Extinct species of carnivore

Acinonyx pardinensis, sometimes called the giant cheetah, is an extinct felid species belonging to the genus Acinonyx, closely related to the cheetah, native to Eurasia from Late Pliocene to the early Middle Pleistocene epoch from around 3 million to around 500,000 years ago. It was substantially larger than the living cheetah.

==Description==
Acinonyx pardinensis was roughly twice the size of today's cheetahs, weighing around 60-121 kg, though A. pleistocaenicus was much larger. The morphology of the skull shows some similarities with those of pantherine cats and is not as short and deep as that of the modern cheetah. The teeth greatly resemble that of a modern cheetah. The limb bones, like those of a modern cheetah, were elongate relative to the animal's body size. The lumbar vertebrae were also elongate, suggesting the back was flexible. Compared to living cheetahs, the femur is more straight and the fibula is more robust and not fused to the tibia.
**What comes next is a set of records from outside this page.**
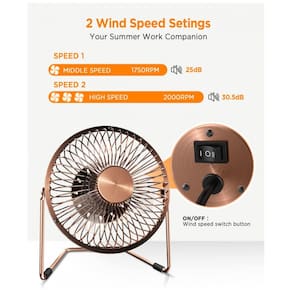 Com ajuste de rotação de 360 graus e duas velocidades, ele é compacto com um tamanho de 18,7 x 18,7 cm, perfeito para qualquer mesa ou até mesmo para ser fixado na parede. Conta também com pés de silicone macio que evitam deslizamentos e ajudam a reduzir o ruído do ventilador.
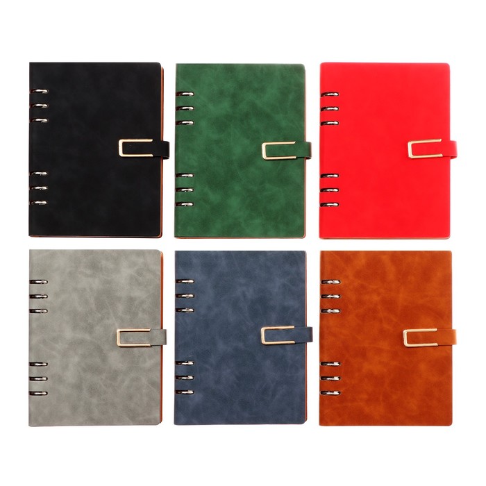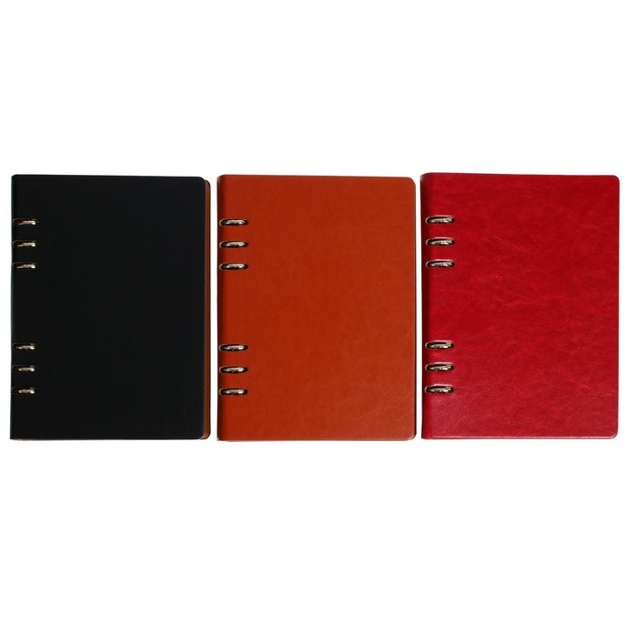 Органайзер на кольцах А5, 90 листов, в линейку, обложка кожзам, с резинкой для ручки, МИКС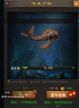 PS:悄悄滴说一句,前期养鲲经验还是非常重要的,可以提供大量的属性加成,各位大侠们千万不要错过!适当买一些鱼粮可以快速提升战力哦!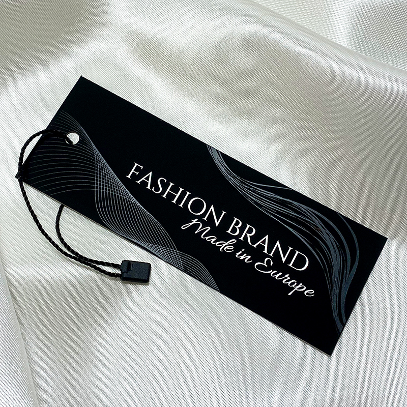 Etiqueta para roupa em cartão, com cordão com selo, personalizada com textos diversos e o logotipo do fabricante. Este tipo de etiqueta pendurada é feita de materiais de alta qualidade, usando as tecnologias mais avançadas no campo de impressão e acabamento Digital.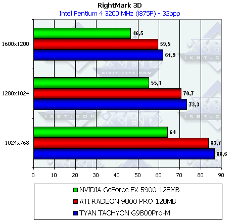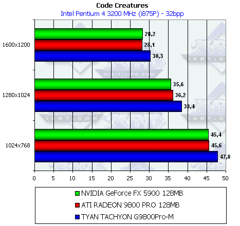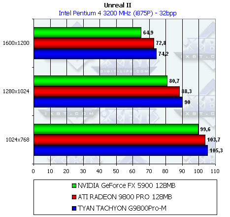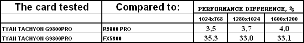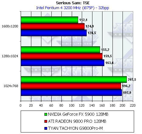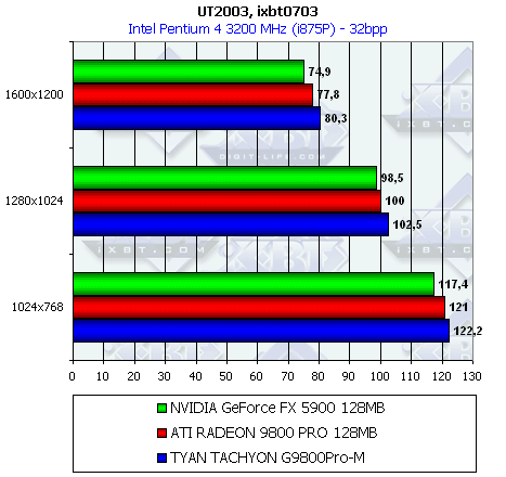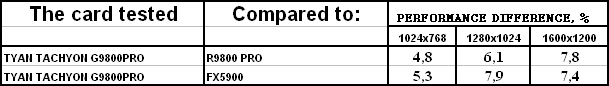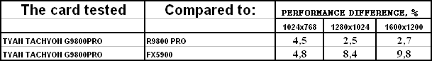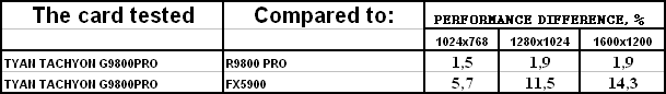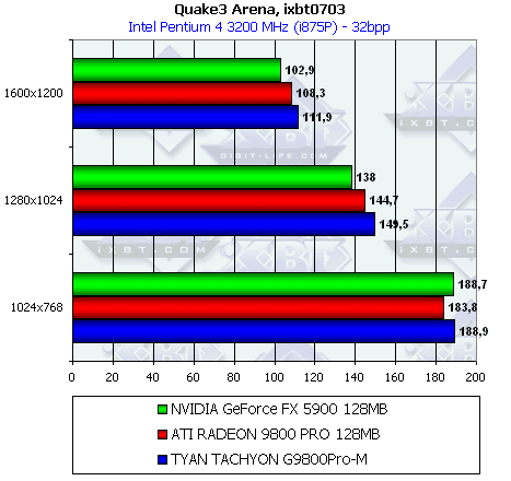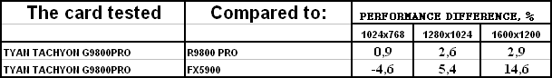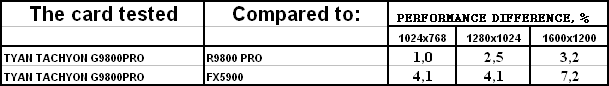 Сразу же отмечу, что из-за малой разницы между рядовым RADEON 9800 PRO и картой от TYAN нет смысла тестировать во всех режимах (АА и анизотропия), поэтому мы покажем лишь отличия в обычном режиме.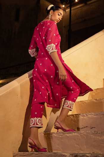 Fuchsia Cotton, Tulle, Net Embroidery Floral Mirrorwork Kurta With Pant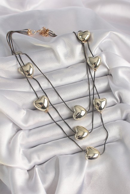 Pirinç Füme Renk Zincir 3D Gold Renk Kalp Model Kadın Kolye - 259496
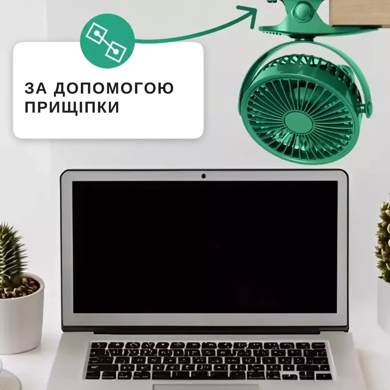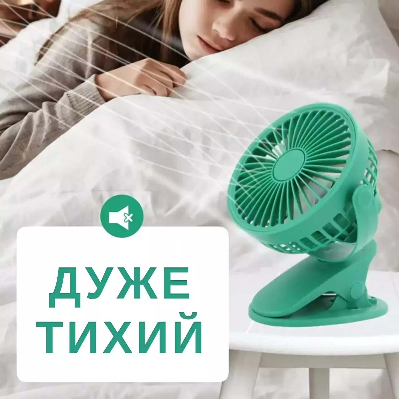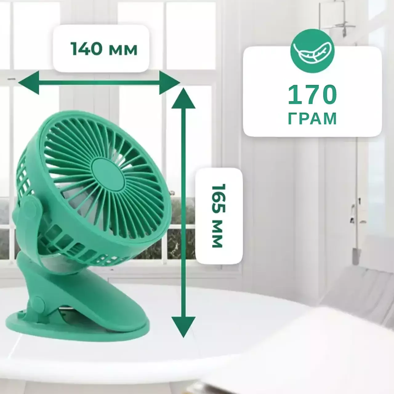 2. Удобное крепление-прищепка: Уникальная конструкция прищепки позволяет крепить вентилятор к любой поверхности — край стола, полки и т.д. Это обеспечивает максимальную гибкость и удобство в использовании.

The humerus is also more robust. The inner ear of A. pardinensis lacks the living cheetahs specialised adaptions to fast running such as the extensive expansion of vestibular system and elongation of the semicircular canals, and more closely resembles the ancestral felid inner ear morphology.

==Classification==
Acinonyx pardinensis is sometimes considered a macrospecies containing Acinonyx aicha, Acinonyx arvernensis, Acinonyx intermedius, Acinonyx pleistocaenicus, and Sivapanthera linxiaensis as subspecies.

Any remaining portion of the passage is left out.